PCloud is a set of distributed infrustructure tools meant for setting up a personal cloud on commodity hardware such as Raspberry Pi. Goal of the project is to provide:
- Object and file storage: distributed storage with configurable replication for durability and redundancy
- Knowledge graph: storing graph shaped data representing user/application generated content and relations between them
- Application infrastructure: to easily set up and run third-party applications, where applications can communicate with each other and produce/consume knowledge graph nodes
- Search infrastructure: indexing knowledge graph and making it searchable
To prove viability of the project first milestone will be to build fully functional image storage and indexing infrustructure. User experience setting it up will look something like:
- Set up PCloud on 3 or more servers and pair mobile device with it
- Configure IFTTT (if this then that) like worklfow to automatically:
- Back up every newly taken picture on PCloud
- Run face detection app on backed up pictures and store this information in Metadata service
- Index face annotations and make them searchable
User must be able to configure all of these from previously paired mobile device.
Three core infrastructure services have been prototyped:
- Knowledge Graph API: GraphQL based api with extensible schema
- Provides CRUD operations
- Auto-generates appropriate events upon data modification and includes them within mutation transaction
- Applicatioin installed by Application Manager (see below) can extend Knowledge Graph schema
- Application Manager: supports installing third-party applications by uploading configartion archive via web ui.
- Application configuration consists of:
- Schema extension (optional): if provided Knowledge Graph schema will be extended with new types and relations.
- Actions (optional): application can define any number of actions which can be invoked from other applications. Actions are parametrized.
- Initialization action (optional): application can configure action, provided possibly by other application, to be run post installation.
- Triggers (optional): applications can set up triggers on Knowledge Graph mutations. Triggers run actions.
- Applications are instulled into separate namespaces for isolation.
- Application configuration consists of:
- Event Processor: monitors changes in Knowledge Graph and triggers actions registered by applications installed using Application Manager.
- It is basically a state machine moving events from NEW to IN_PROGRESS to DONE states.
On top of this we are running five "third-party" applications:
- Random Puppy:
- Does not use any PCloud features
- Deploys web server with ingress
- Object Store:
- Provides AWS S3 compatible API
- Exposes create-bucket-with-webhook action so other applications can create buckets and receive notifications when new objects are created.
- Important detail here is that object store itself is installed as a third-party app.
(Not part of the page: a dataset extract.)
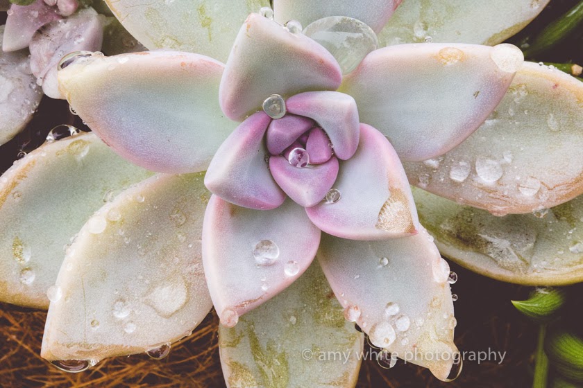 We had some rain last week and the succulents in the yard hold lots of perfect drops of rain.
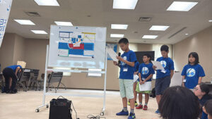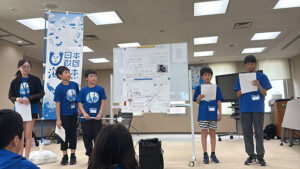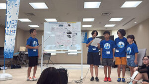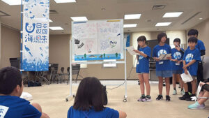 アウトプットのテーマは「長崎の未来の海」。長崎の海の現状・課題や、今各地で行われている先進的な取り組みをたくさん吸収してきたので、班ごとに様々な意見やアイデアが飛び交います。見てきたものは同じでも感じたこと、やりたいことは20人それぞれが違っていて、どれも面白いものばかりでした。班で話し合い、班員が出した意見・アイデアを一つにまとめることも大人になっていく上で大事な力です。誰かが意見をまとめ、それを紙にまとめる人とサポートする人がいて、わかりやすい絵にまとめる人もいます。イベント初日、まだ口数も少なかった子ども達が、3日間でここまで変わるのかというほどに、顔つきが変わりました。最後の発表では、「Ecoな発電機を載せた船」、「自動でガンガゼウニを駆除するGPS付きのドローン」、「沈んだ横島を復活させるプロジェクト」など、発想力豊かな様々ななアイデアが発表されました。

This means other storage solution can be integrated with PCloud infrustructure without changing PCloud itself.
- Image importer:
- Registers new Knowledge Graph node type: Image
- Using Object Store create-bucket-with-webhook action to create new images bucket and register itself as a listener
- For every new object creates new Image node in Knowledge Graph
- Face Detector:
- Registers new Knowledge Graph node tupe ImageSegment and extends previously created Image type with their relation.
- Registers trigger on new Image nodes with action running face detection algorithm, which upon completion creates ImageSegment node for each face and attaches them to source Image.
- Photos UI:
- Web based photo gallery application consuming Image and ImageSegment nodes via Knowledge Graph API.
Note that since Object Store is standalone application with it's own API, new third-party applications can be developed to import data from cloud providers, such as Google Drive, where users might currently be storing their personal data.
- To further isolate applications from each other, namespaces they are created must be configured so they can communicate only with core PCloud services. PCloud API will take responisibility of forwarding action requests to applications.
- Once previous step is implemented, PCloud API can enforce ACLs and make application to application communication transparent to the PCloud owner. Application during instalation will list actions, provided by other applications, it wants to use. And all of these can be reviewed and possibly rejected by the owner.
- Make Knowledge Graph types namespaced. Right now applications add new types into global namespace which can cause conflicts. To avoid this Knowledge Graph API can build namespaces on top of Dgraph GraphQL schemas.
- Support replaying events so applications can "react" to events created before installation. This way Face Detection app will be able to process images created before face detector was installed.
- Make Tensorflow Facenet model work on Raspberry Pi.